A basic synth lead is one of the simplest tones and easy to dial in quickly. Simply select an oscillator, disengage any filters, and let if fly.
Synth octave up at 50%, synth interval 5th down at 50%, dry at 0%
The resulting sound has a bright, quick attack—like a guitar, but you can sustain steadily as long as the unit detects your input signal, like a keyboard. Many synth pedals also have harmonizing capabilities, which further contributes to a classic, emotive lead sound.
For a synth bass tone, take the simple lead line described above, lower the pitch of the synth down one octave, and add a filter.
Octave blend at 50/50, filter cutoff at 3 'clock, resonance at 2 o'clock
The lower octave fattens up the sound and the filter can be set to add a percussive element by setting it for a fast-but-not-too-fast attack and short sustain (or decay, depending on the unit). The filter will open quickly as it detects a note creating a percussive sweep on the attack to roughly mimic the spank of a slap bass. A short sustain will whip the filter back after the attack, again contributing to a percussive synth sound. The proper speed of the filter settings depends on the speed of your riff, so plunk away and adjust accordingly.
Creating a lush pad is a bit more work and may require some additional processing such as chorus, reverb, and delay, but the results can be stunning.
Detuned octave down blended 50/50, triangle VCO, glide on, glide at 9 o'clock
The basic idea is that you want a darker tone, a slower attack, and a harmonically rich mix of oscillators. For a darker tone, set the filter cutoff much lower so that high frequencies are suppressed. Set the filter so that the attack sweeps are very slow, like an orchestral swell. Then add some harmonic content like a major or minor 3rd, depending on your composition. More harmonic content will help you to achieve a lush, rich sounding synth pad.
Controls
Wave - Depending on the unit, there may be numerous voltage controlled oscillator (VCO) wave options. Some of the more common VCO types include Sine, Triangle, Sawtooth, Ramp, and Square. Sine is the simplest waveform and produces the purest tone, generally free of harmonic overtones and perfect for pads. Triangle sounds like a brighter Sine wave. Sawtooth and Ramp are inverted versions of the same waveform and have a bit more upper harmonic content that translates to a buzzing tone, rich in high frequencies, and perfect for cutting leads. Square waves have a big bold melodic voice that is great for driving melodic lines, but also have a fair amount of high frequency content. Pure square wave evoke a vintage video game tone to most that can sound dated to some ears, but is perfect for funky and unmistakably synthy sounds when you need them.

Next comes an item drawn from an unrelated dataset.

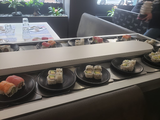 Venues le mardi 2 juillet 2019 (restaurant de la rue de la Republique à Rouen), nous sommes reparties très très très déçues. Avons pris soin de réserver avant de venir (il paraît que ça se fait comme ça pour avoir une table placée près du tapis roulant). Cela ne servait strictement à rien. En définitive, ce restaurant est très petit (en tout et pour tout, ils ont du servir 9 couverts ce jour là). Les autres tables étaient mieux placées que nous (qui avions pris soin de faire une réservation). Donc primo, les réservations ne servent à rien. Deuxio, le service est déplorable. Les deux femmes qui nous ont accueilli avait des masques fermés (même pas le sourire usuel lorsqu'on accueille des clients). Les deux serveuses parlent mal et nous reprennent lorsqu'on ne prononce pas comme il faut "Wasabi" ... il faut le faire quand même pour mettre 5 minutes à reconnaître Wasabi lorsqu'on le prononce (ce mot ne prête pas à confusion) ... et la serveuse qui nous regarde avec mépris comme si nous étions des demeurées, de nous corriger au bout de 5 minutes de calvaire, en disant : "ah Vasabi" (il faut bien prononcer le "V" surtout et pas "W") !... donc soupe à la grimace du début à la fin du service. Tertio, la nourriture qui tourne sur le tapis roulant ... pas de choix sur les petits plats proposés ... et les plats tournent à l'air non protégés (et bien entendu les aliments finissent par sécher, ce qui notamment regrettable pour les sushis). La cliente de la banquette derrière nous - qui faisait de grands gestes en parlant avec ses copines - y a même laissé traîner ses affaires à un moment donné (bonjour la fraîcheur et l'hygiène !). Les coupelles en plastique qui protègent les aliments (et qui sont présents dans certains autres restaurants que nous avons testés) ne sont pas utilisées dans cet établissement. Sur le sujet de la nourriture proposée sur le tapis roulant, en dehors d'un manque de choix évident (où est la salade d'algues osaka ?... ou sont les makis frits ?... où sont les sushis de crevettes ou d'oeufs de poisson ?... où sont les riz sautés aux fruits de mer ?... où sont les sashimis de poisson (maquereau ?... dorade ?... thon ?...), il y a un grand problème de qualité et de fraîcheur : au goût, le poisson ne m'a pas paru frais, certains morceaux étaient douteux, pour ce qui est des brochettes, les boeuf-fromage étaient assez satisfaisantes, mais les autres pas du tout ... poulet non cuit au coeur (intérieur rouge) et odeur/goût n'allaient pas ... goût de viande faisandée (j'ai franchement du recracher en raison du goût désagréable et faisandé du poulet). Les boulettes étaient insipides. Nous avons goûté un peu de tout et avons trouvé l'ensemble mauvais. La soupe servie en entrée n'avait pas de goût. La salade de chou pareil (et l'assaisonnement n'était vraiment pas top). Même le wasabi était insipide (vous pouvez en avaler une cuillère, cela ne vous fera rien). Pour ce qui est du sujet "dessert" (du moins les 6 desserts proposés avec le menu buffet à volonté de 18 euros), l'un des parfums de glace n'était pas dispo (citron) ... quant aux autres parfums, je n'ai pas pu manger cette glace (insipide, limite comme si elle avait séjourné non filmée dans un frigo, et ayant pris plein d'autres goûts horribles). Aucun contact de la part des serveuses pour nous demander si nous avions ce qu'il fallait ... sauf que l'une des serveuse toussait sans forcément mettre une main devant la bouche (bonjour le respect pour les clients !). Et à la fin, au moment de payer, la serveuse (qui ne se fend toujours pas d'un petit sourire), nous propose (sérieuse) de nous faire une carte de fidélité ... haha elle est bien bonne celle-là ... (nous avons failli éclater de rire devant son petit comptoir) ... mdr ... au moins elles ont de l'humour !... nous leur avons dit que ce n'était pas la peine pour la carte de fidélité. Est-il nécessaire de préciser que nous n'y remettrons...

Filter – Because a single VCO can only produce a single waveform, its frequency spectrum will remain steady without any shifts in tone characteristics (imagine the sound of a flat-line heart monitor). This is why most synth pedals run the oscillators through a voltage-controlled filter (VCF). The filter allows you to change the frequency spectrum of an oscillator over time, producing a more natural note response. The classic filter has four basic controls—Attack, Decay, Sustain, Release. These controls determine how fast or slow the filter responds to a note. A quick attack will open the filter immediately producing a bright blast, like a brass instrument. A slow attack will produce a long swell from dark to bright, like a rising orchestra.
Envelope - Another common element of synthesizers is the envelope. Think of the envelope like a VCF that reacts to the loudness of an oscillator rather than frequency. In synth pedals that are made for guitar, envelope controls are less common because the unit uses your playing dynamics to directly control the envelope, which makes perfect sense for guitarists and makes the guitar a uniquely expressive interface for a synth.
Pedals We Tested
In terms of ease for achieving basic synth tones, Subdecay's Octasynth and Electro-Harmonix's Micro Synthesizer are great for beginners looking to get their synth on. We also tested some wilder options for more adventurous players.

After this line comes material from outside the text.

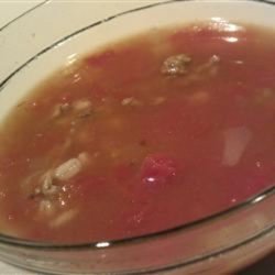 "This is a wonderfully easy soup made from leftover veggies. It fills the house with such a great aroma. We call it Potpourri Soup. You can try it with ground turkey instead of ground beef. If you do, replace one cup of the water with a small can of beef broth."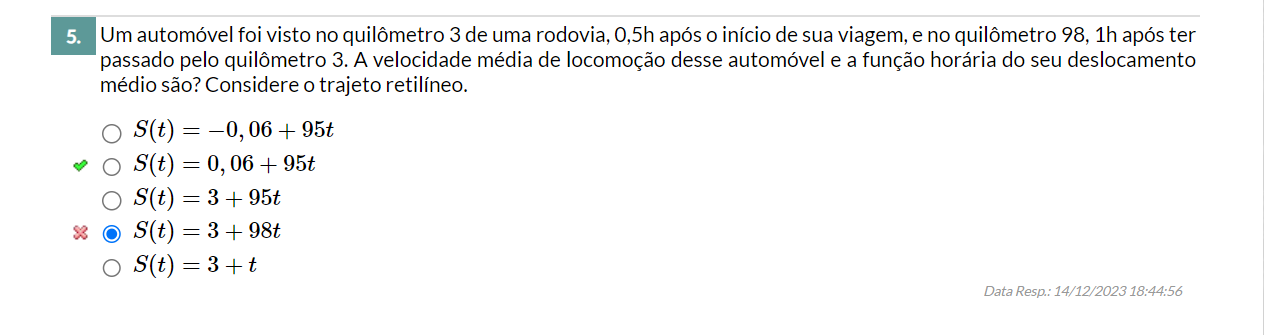 Um automóvel foi visto no quilômetro 3 de uma rodovia, 0,5h após o início de sua viagem, e no quilômetro 98, 1h após ter passado pelo quilômetro 3. A velocidade média de locomoção desse automóvel e a função horária do seu deslocamento médio são? Considere o trajeto retilíneo. S(t) = -0,06 + 95t = S(t)

Snazzy FX Mini-Ark - When it comes to an analog guitar synth you can't get much more pure and straightforward than the Mini-Ark. Not only does it use playing dynamics and pitch to control an internal analog VCO synthesizer, it also features control voltage (CV) connectivity, making it as much a guitar/modular synth interface as it is a standalone synth pedal.
The Mini-Ark's interval VCO is a square wave oscillator that has a distinct video-gamey type of sound that is full of high and low frequency content, making it great for cutting through a mix. In addition to the root note oscillator you have a multi-position Octave selector and a multi-position Interval selector each with associated level controls. There is an array of preset intervals that can be selected including thirds, fourths, fifths, and octaves. A Clean/Dirty switch adds a slight bit of overdrive grit to the signal.
With the Sustain/Gate switch in Gate position the synth signal will stop when the pedal stops detecting a signal. With the switch in Sustain position, the synth signal will continue to oscillate until the pedal detects a new note. This is great for creating impossibly long sustaining notes. The multi-position Magical Selector is, not surprisingly, the most interesting control on the Mini-Ark. The first position is the straightforward synth pitch-shifting mode. The other settings modulate the oscillators in ways that vary from slight vibrato to unpredictable bends with crazy bursts of noise.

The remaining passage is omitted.